The Death of the Old Year
Full knee-deep lies the winter snow,
And the winter winds are wearily sighing:
Toll ye the church bell sad and slow,
And tread softly and speak low,
For the old year lies a-dying.
Old year you must not die;
You came to us so readily,
You lived with us so steadily,
Old year, you shall not die.
He lieth still: he doth not move:
He will not see the dawn of day.
He hath no other life above.
He gave me a friend and a true truelove
And the New-year will take ’em away.
Old year you must not go;
So long you have been with us,
Such joy as you have seen with us,
Old year, you shall not go.
He froth’d his bumpers to the brim;
A jollier year we shall not see.
But tho’ his eyes are waxing dim,
And tho’ his foes speak ill of him,
He was a friend to me.
Old year, you shall not die;
We did so laugh and cry with you,
I’ve half a mind to die with you,
Old year, if you must die.
He was full of joke and jest,
But all his merry quips are o’er.
To see him die across the waste
His son and heir doth ride post-haste,
But he’ll be dead before.
Every one for his own.
The night is starry and cold, my friend,
And the New-year blithe and bold, my friend,
Comes up to take his own.
How hard he breathes! over the snow
I heard just now the crowing cock.
The shadows flicker to and fro:
The cricket chirps: the light burns low:
’Tis nearly twelve o’clock.
Shake hands, before you die.
Old year, we’ll dearly rue for you:
What is it we can do for you?
Speak out before you die.
His face is growing sharp and thin.
Alack! our friend is gone,
Close up his eyes: tie up his chin:
Step from the corpse, and let him in
That standeth there alone,
And waiteth at the door.
There’s a new foot on the floor, my friend,
And a new face at the door, my friend,
A new face at the door.
This poem is in the public domain.
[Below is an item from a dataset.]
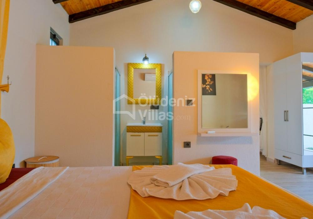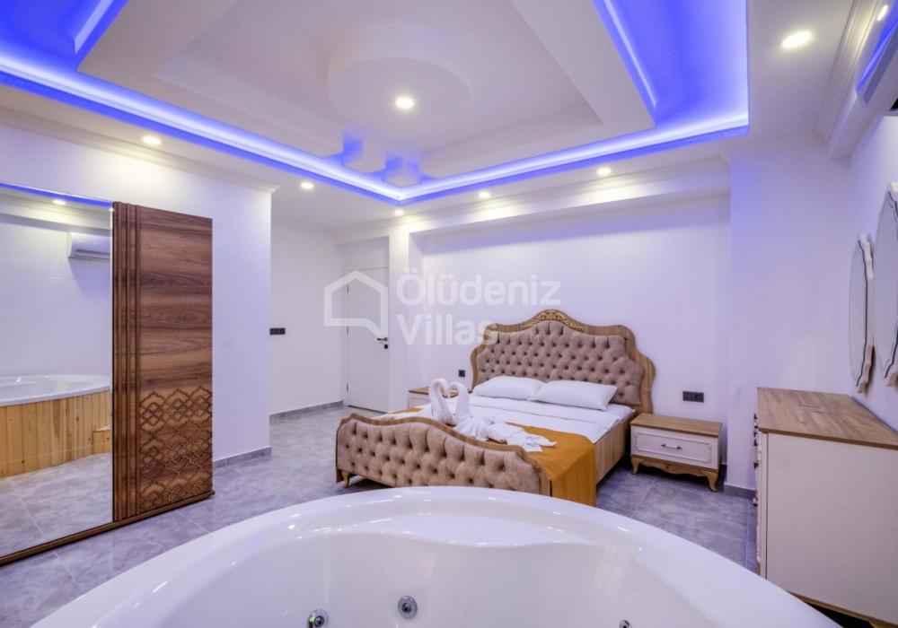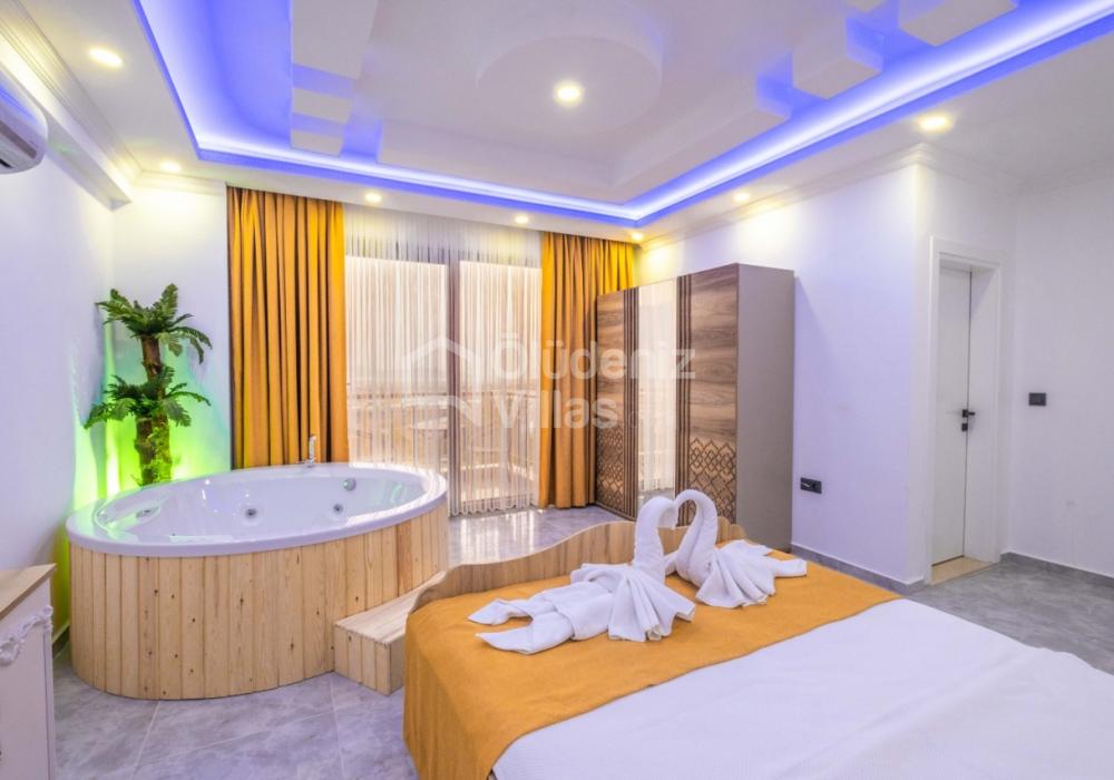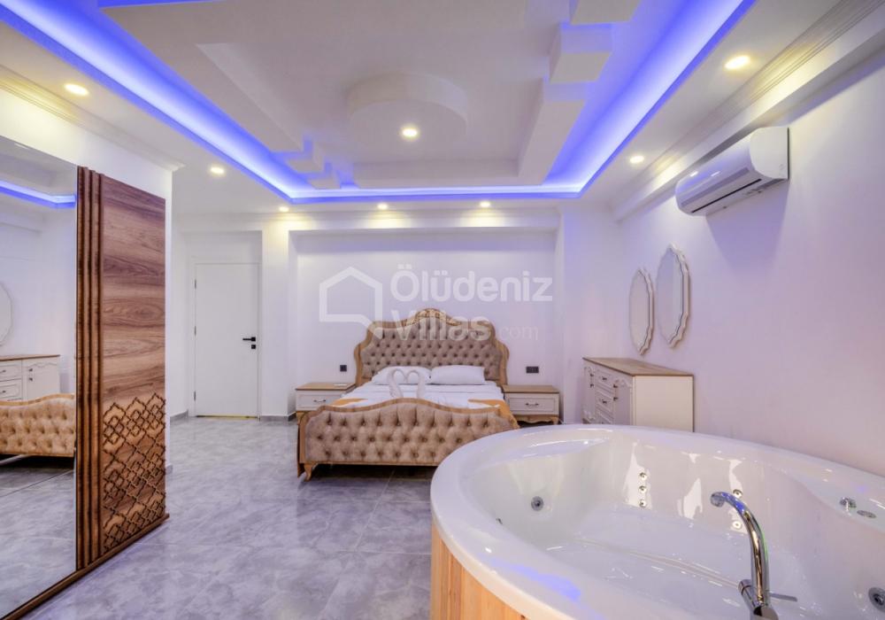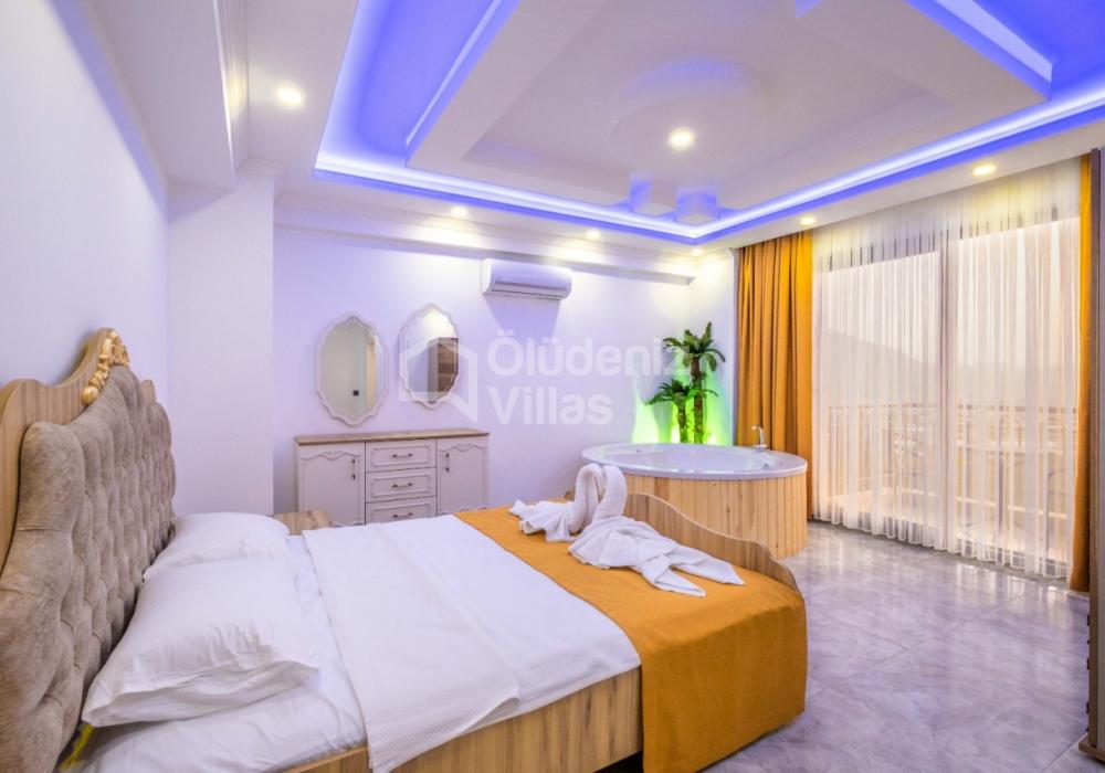 2. Спальня: Двуспальная кровать, кондиционер, джакузи, шкаф, прикроватная тумбочка, косметический столик с зеркалом, раковина, ванная комната.

Published in Poem-a-Day on December 31, 2022, by the Academy of American Poets
“The Death of the Old Year” was first published in Alfred, Lord Tennyson’s second collection, titled Poems (Edward Moxon, 1833). “The Death of the Old Year,” considered by some to be a spiritual predecessor to section CVI of Tennyson’s “In Memoriam A. H. H.,” was popular among many of Tennyson’s contemporaries, including Ralph Waldo Emerson, who recorded in his private journal that the poem was his favorite from the collection. The poem’s popularity was even such that it led to accusations of plagiarism against similar poems: Edgar Allan Poe, in a trenchant review of Henry Wadsworth Longfellow’s collection Voices of the Night (John Owen, 1839), published in Burton’s Gentleman’s Magazine vol. 6, no. 102 (February, 1840), wrote that Longfellow’s poem “Midnight Mass for the Dying Year” was an act of plagiarism “too palpable to be mistaken; and which belongs to the most barbarous class of literary robbery; that class in which, while the words of the wronged author are avoided, his most intangible, and therefore his least defensible and least reclaimable property, is purloined.” As John Olin Eidson, former professor of American literature and president of Georgia Southern College, reports in Tennyson in America: His Reputation and Influence from 1827 to 1858 (The University of Georgia Press, 1943), “When Longfellow heard of the accusation, he wrote, ‘I did not even know that he [Tennyson] had written a piece on this subject.’ Longfellow, however, had owned in 1837 a copy of Tennyson’s 1833 volume containing the poem.”